ACTIVITY: Without copying any picture, transcribe exactly the lines of the data below from the one containing "サークルでプレステのメモリー" through the one containing "Chunky sneakers with".

DATA SUPPLIED:
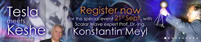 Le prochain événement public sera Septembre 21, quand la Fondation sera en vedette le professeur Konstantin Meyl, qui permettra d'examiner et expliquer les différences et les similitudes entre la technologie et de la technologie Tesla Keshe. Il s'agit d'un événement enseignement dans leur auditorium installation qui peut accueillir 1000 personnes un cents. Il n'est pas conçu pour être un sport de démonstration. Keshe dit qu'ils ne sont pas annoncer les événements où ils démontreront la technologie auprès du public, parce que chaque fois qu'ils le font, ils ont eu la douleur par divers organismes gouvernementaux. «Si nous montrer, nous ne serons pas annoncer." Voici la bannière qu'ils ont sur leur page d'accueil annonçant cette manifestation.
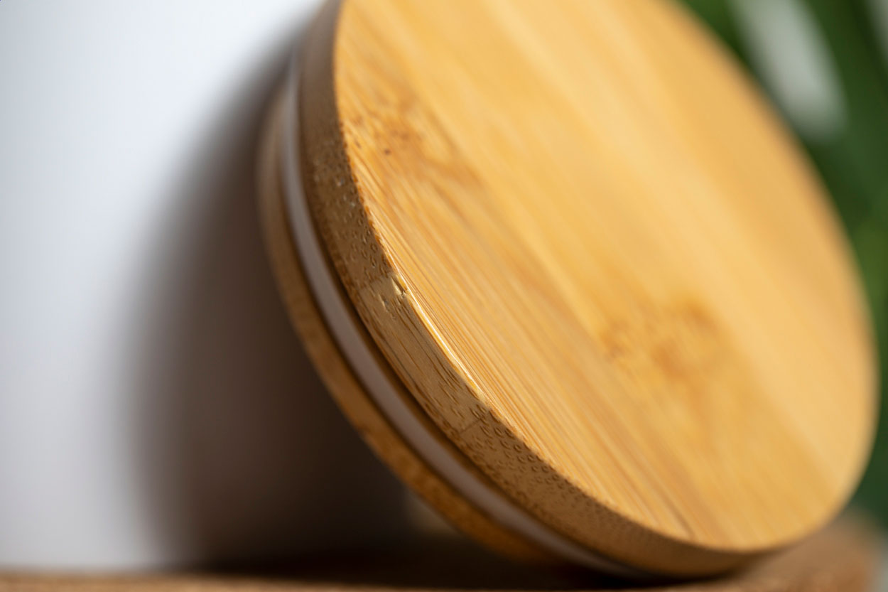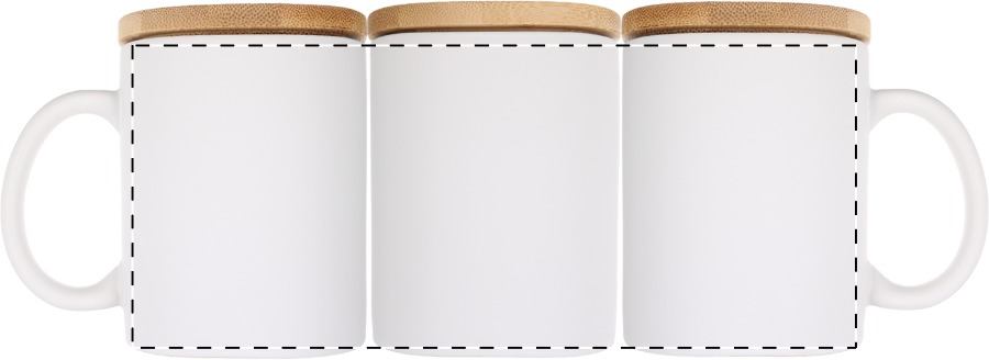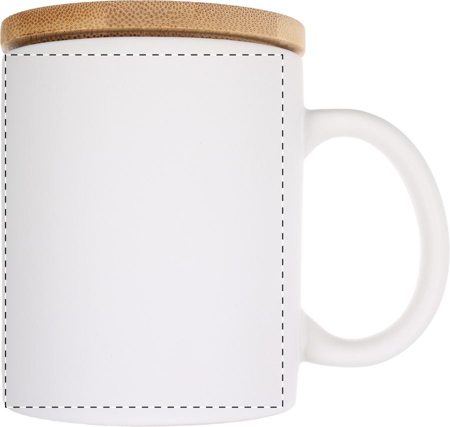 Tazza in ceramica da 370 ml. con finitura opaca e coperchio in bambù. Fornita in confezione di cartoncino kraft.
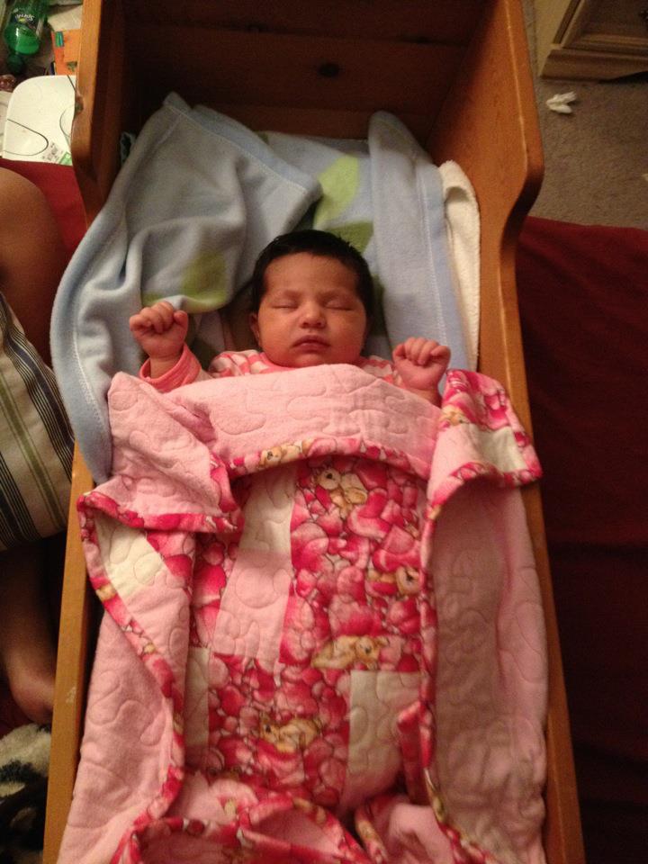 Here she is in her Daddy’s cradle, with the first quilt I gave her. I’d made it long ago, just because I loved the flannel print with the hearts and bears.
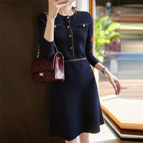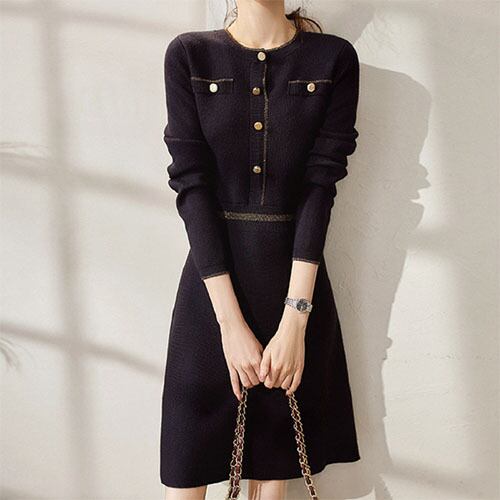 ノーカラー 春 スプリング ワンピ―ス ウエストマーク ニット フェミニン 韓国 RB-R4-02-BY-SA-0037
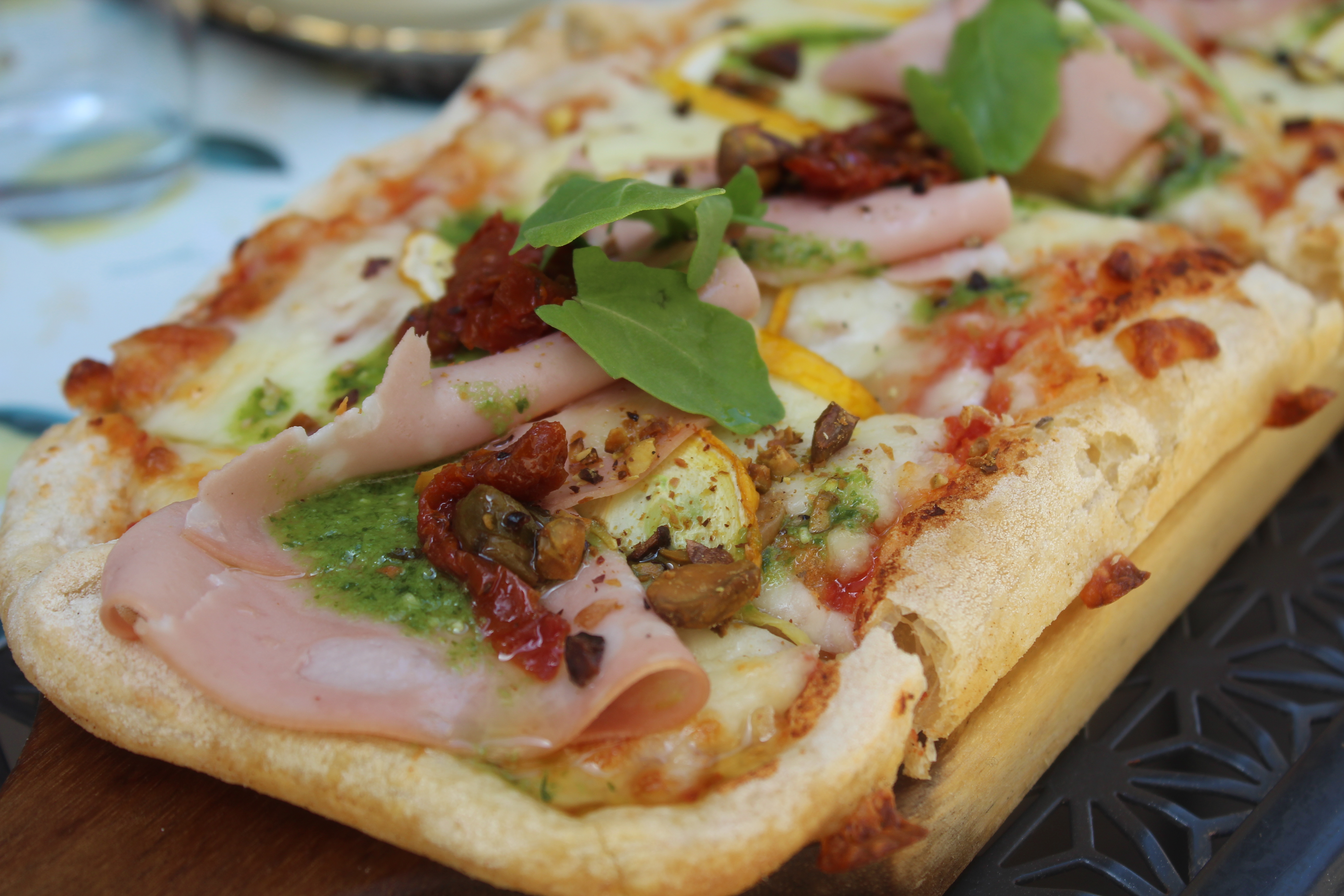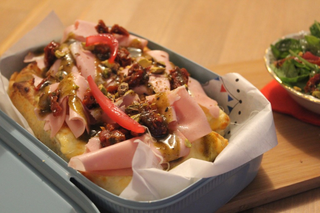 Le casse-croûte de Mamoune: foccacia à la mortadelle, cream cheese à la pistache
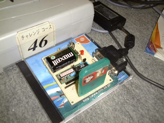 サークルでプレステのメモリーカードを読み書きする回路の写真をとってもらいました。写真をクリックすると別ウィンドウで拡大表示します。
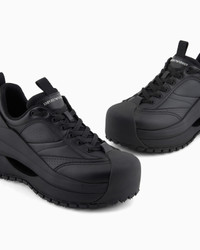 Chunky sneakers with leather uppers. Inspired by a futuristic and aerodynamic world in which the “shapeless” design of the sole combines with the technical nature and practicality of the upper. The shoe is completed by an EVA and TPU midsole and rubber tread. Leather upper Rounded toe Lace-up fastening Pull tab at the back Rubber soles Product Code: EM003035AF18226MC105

* * *

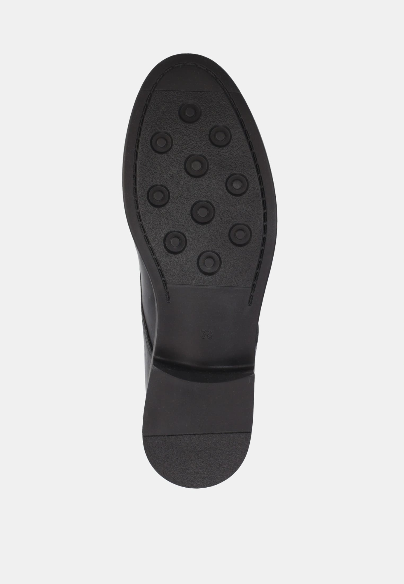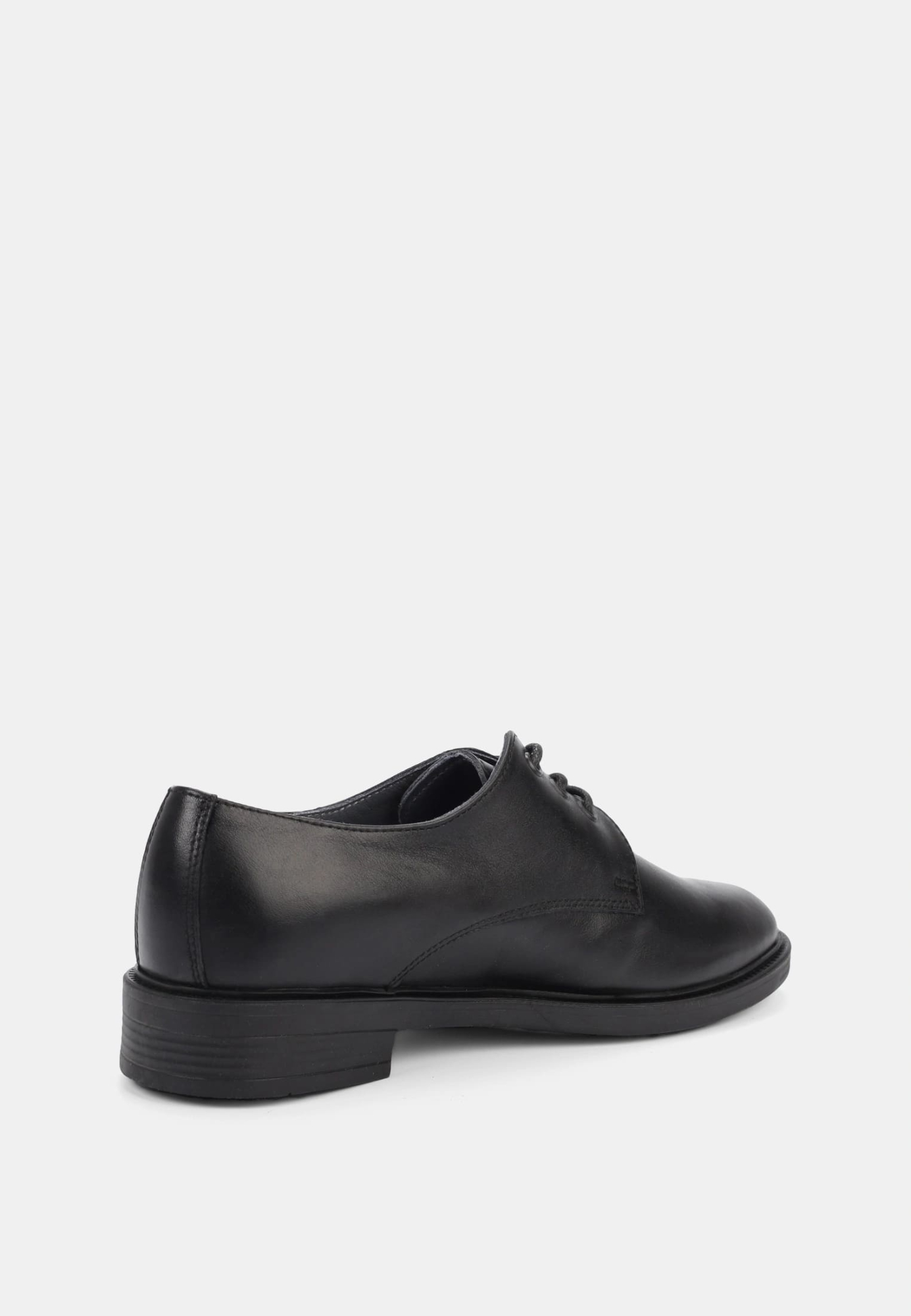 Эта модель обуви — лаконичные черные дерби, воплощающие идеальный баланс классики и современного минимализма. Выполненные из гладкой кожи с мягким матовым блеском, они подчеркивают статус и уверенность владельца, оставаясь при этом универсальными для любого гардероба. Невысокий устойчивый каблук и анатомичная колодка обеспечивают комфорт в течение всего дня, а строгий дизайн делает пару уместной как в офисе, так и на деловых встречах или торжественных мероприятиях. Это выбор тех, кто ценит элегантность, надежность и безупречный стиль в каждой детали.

TASK SOLUTION:
 サークルでプレステのメモリーカードを読み書きする回路の写真をとってもらいました。写真をクリックすると別ウィンドウで拡大表示します。
 Chunky sneakers with leather uppers. Inspired by a futuristic and aerodynamic world in which the “shapeless” design of the sole combines with the technical nature and practicality of the upper. The shoe is completed by an EVA and TPU midsole and rubber tread. Leather upper Rounded toe Lace-up fastening Pull tab at the back Rubber soles Product Code: EM003035AF18226MC105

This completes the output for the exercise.